The movie was convicting to say the least. Toward the end of it, I was fighting back tears. This is unusual because Uncle Luther simply does not cry. But you don’t care about me— if you care at all— you care about my thoughts on the movie.

The Gist:
Christian culture and secular culture are often at odds, but nobody is communicating. In fact, the sharing of worldviews and faith ideas have degenerated into a shouting match where everybody’s screaming, but nobody’s listening. To get to the bottom of this, Dan Merchant dons a white jumpsuit covered in popular Christian, anti-Christian and political bumper stickers and canvases the country talking to people about their thoughts on Christianity.

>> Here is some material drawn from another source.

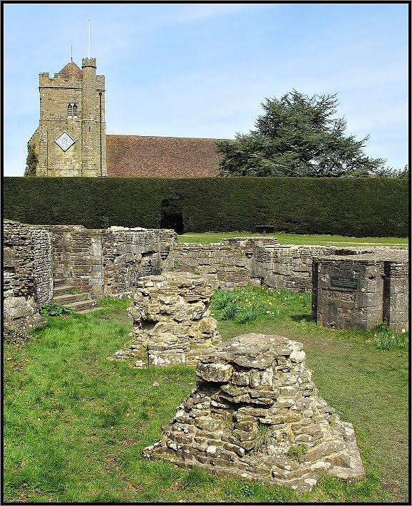 Jako první stavba v areálu byl postaven kostel a to v 11. století. Kostel byl 69 m dlouhý, ke konci 13. století ke stávajícímu kostelu bylo dostavěno několik kaplí, na východním konci kostela byl postaven nový kůr a také klenutá podzemní krypta. Z krypty se ale dodneška zachovala jen část, která byla pod úrovní okolního terénu, ostatní součástí kostela byly srovnány se zemí.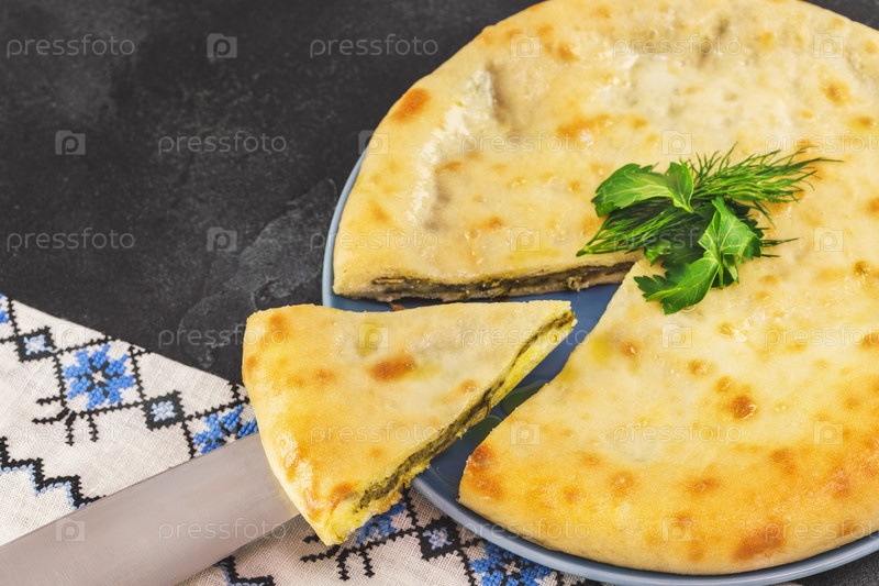 Домашний свежевыпеченный осетинский пирог со шпинатом, оливковым маслом, петрушкой и уксусом на черном фоне с копировальным пробелом

One of the discoveries he makes is that Christians are oblivious to the surrounding culture and how they are perceived. They are also particularly oblivious to the fact that “the world” which they espouse hatred for, seems to have a much better handle on who Jesus is than the church crowd does.

Eye-Openers:

  • At one point during the movie, Merchant hosts a Family Feud-style game show that pits the Liberal Media Elite against the Christian Conservatives. Not only did the liberals come out ahead, but the Christians were completely unable to see outside their own bubble to understand the culture. To test this further Merchant did the game show again with college students, thinking perhaps it was a generational issue. The young Christians lost hands down, and their non-believing counterparts rattled off a series of answers to Bible-based questions.
  • We have so tarnished our faith that when people here the word “Christian” attached to an event they immediately think it is a conservative, racist or anti-homosexual event.
  • Despite our tarnishing of the word “Christian,” we have not tarnished Jesus. People still identified Him for His love and forgiveness, and were able to name His good works.
  • We have seriously wounded the homosexual community and done serious damage that would make even the staunchest fundamentalist weep were we to realize the depth of the pain we have caused our fellow human beings.
  • Christians need to apologize more. We who have forgiveness need to do more than offer forgiveness,  we need to beg those we have hurt to forgive us.

Other observations:

  • Tony Campolo is a lot cooler than I thought he was.
  • Al Franken is also a lot cooler than I thought he was.
  • Jesus and politics don’t mix. He is so far above and beyond our pithy political squabbles.
  • Our political squabbles are pithy in comparison to the love of Christ.
  • We cannot continue to condemn people on moral issues while embracing greed in our own lives.
  • We who are known for our literalism don’t take Jesus literally when He says “Man cannot serve both God and Money.”

Reccomendation:

Every Christian needs to see this movie and take its message to heart, but be prepared to be convicted.